5 - Exemplo disso é o conto que dá nome ao livro, O Olho Esquerdo; O trauma e a tragédia levam o foco do narrador para este específico pedaço da anatomia morta da mãe; foco este que o perseguirá pela vida e em toda a sua conduta e principalmente em suas relações sentimentais; o olho esquerdo a lhe a acompanhar e comandar deste então toda a sua postura e seu comportamento, marcado pela estranheza peculiar a toda boa literatura;


6 - Nesse ponto, aproveitando o narrador de O Olho Esquerdo, falemos dos narradores em geral dos contos de Alvez neste trabalho; O conto para ser um bom conto demanda e cobra narradores eficientes, e eles o são aqui.
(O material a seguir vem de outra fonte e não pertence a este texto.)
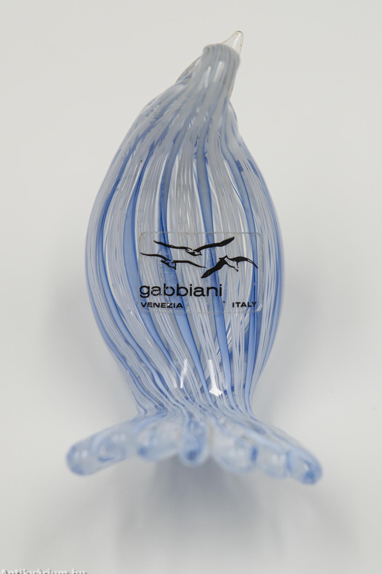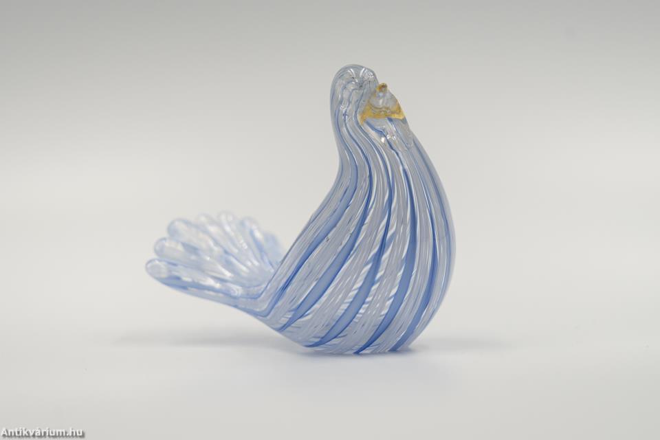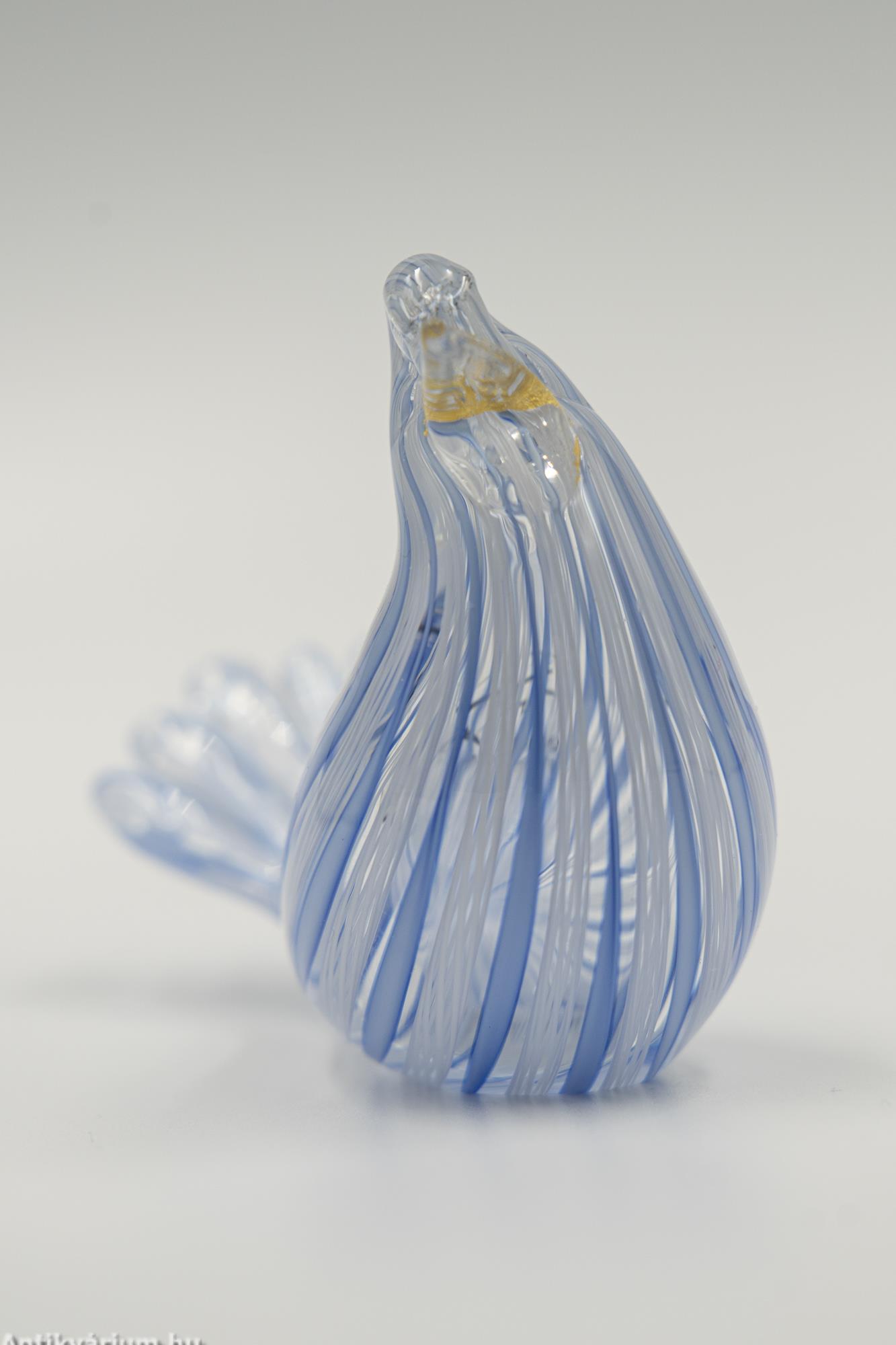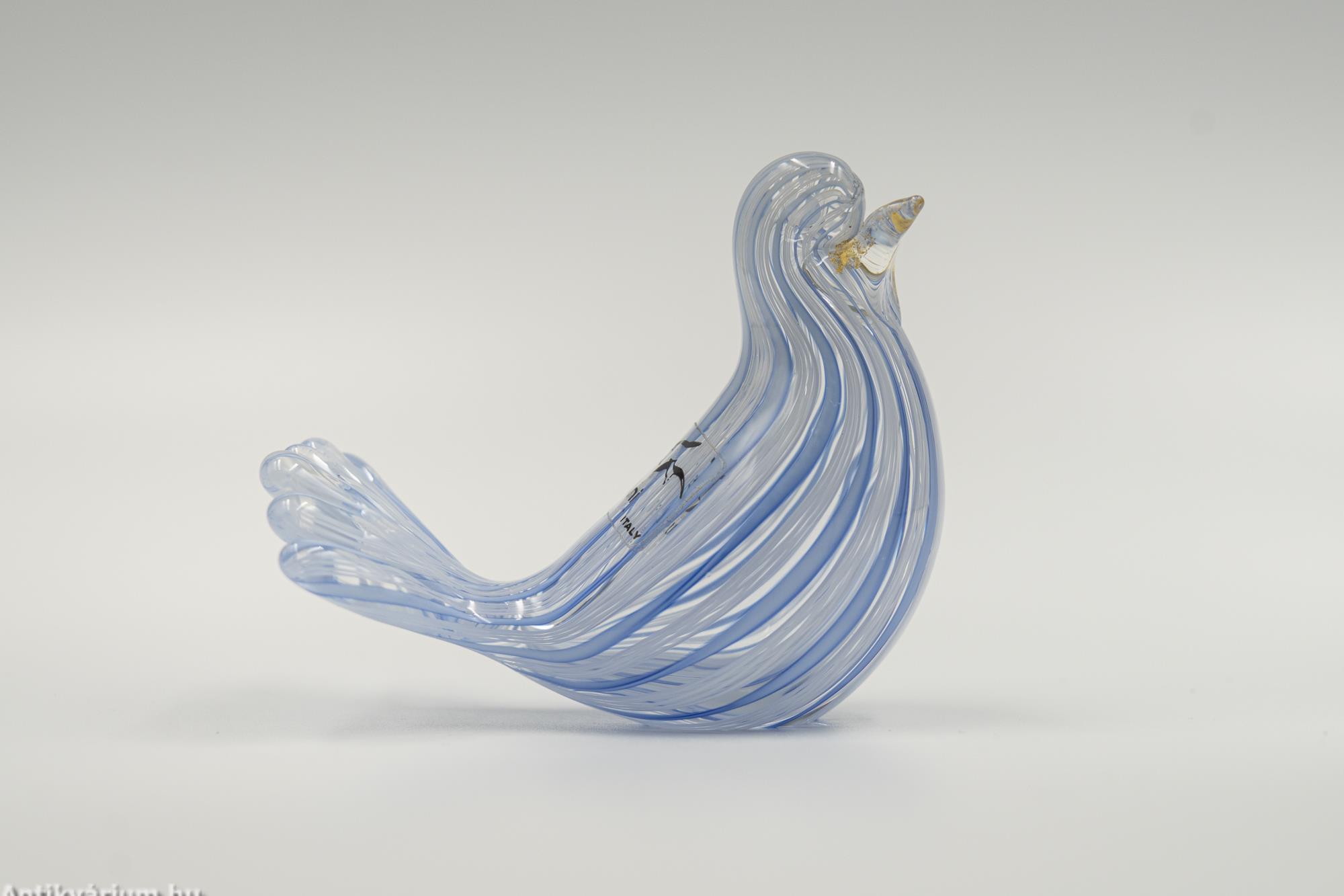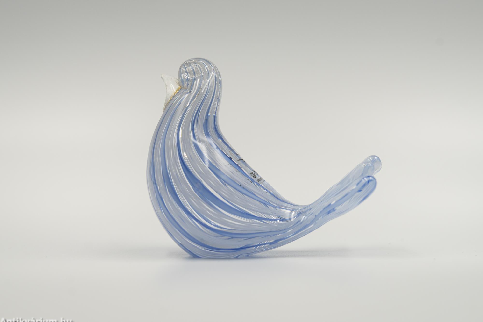 Hibátlan állapotú, fújt és kézzel formázott madár Murano üveg állat figura a 20. század közepéről. Jellegzetessége a lendületes, íves formája valamint az átlátszó üvegben futó fehér és égszín kék árnyalatú üvegszalagok együttese, amelyek a "mezza filigrana" technikával készültek. Csőre aranyfólia rétegekkel díszített. A mezza filigrana eljárás egy hagyományos technika, amely a 16. századra nyúlik vissza. A hosszú üvegrudak (átlátszó, színes vagy lattimo üveg) egymásra vannak helyezve, összefonva és összeolvasztva. A rudat egy üveghenger köré tekerik, formára fújják és üvegkészítő eszközökkel formálják. Pasztell színével és finom formai kialakításával is kedves alkotás. Etikettel ellátott üveg dísztárgy.

Marcados pela ambiguidade, pelo deslizar das palavras que são tramadas como um belo e intrincado crochê, os narradores dos contos no livro jogam com os não-ditos, com as camadas de subtextos ocultos da primeira visão, como o iceberg, sem deixar de guardar o efeito de surpresa final, mais uma "dívida" bem paga para com Poe;

7 - Falando nisso, dentre os contos reunidos, talvez o que cause este maior efeito de impacto final e de quebra das expectativas do leitor e desfecho impactante, provocativo seja Aberração, dos contos presentes, provavelmente o mais contemporâneo e marcado por nosso presente um tanto incerto;

8 - Tatuagem é outro conto bastante interessante do livro. O corpo, suas implicações e condicionamentos culturais são trazidos neste trabalho que lembrou-me o trabalho de David Le Breton em que estuda a relação das tatuagens na sociologia humana. Num conto marcado pelo fantástico e pelo imaginário de todas as possibilidades, há nele uma espécie de metamorfose, um sonho de liberdade em que o rabiscado possibilita uma nova identidade à protagonista do conto;

9 - Também intrigante é Insensatez, esse já um conto bastante próximo de um espaço e de uma temática muito em voga em nossa literatura contemporânea; personagens populares, tipos vistos em universos como o de Mutarelli ou Ruffato habitam o conto; Mas para além do popular, há nesse conto o efeito do psicológico, das camadas capazes de nublar o que realmente vivencia e o que imagina a personagem, como grande parte doutros protagonistas, marcada pela fixação e desalinho com a existência;

10 - Enfim, os contos de O Olho Esquerdo são grandes e qualificados contos. Obras exemplares em tudo que se estudou e se discute teoricamente sobre o gênero, e a despeito do intencional anacronismo aqui falado, não significa que não estejam afiliados a tudo aquilo que move a literatura nacional, inclusive suas tendências naturalistas, aqui atravessas em geral pelo fantástico. Uma obra imperdível para fãs e críticos do gênero.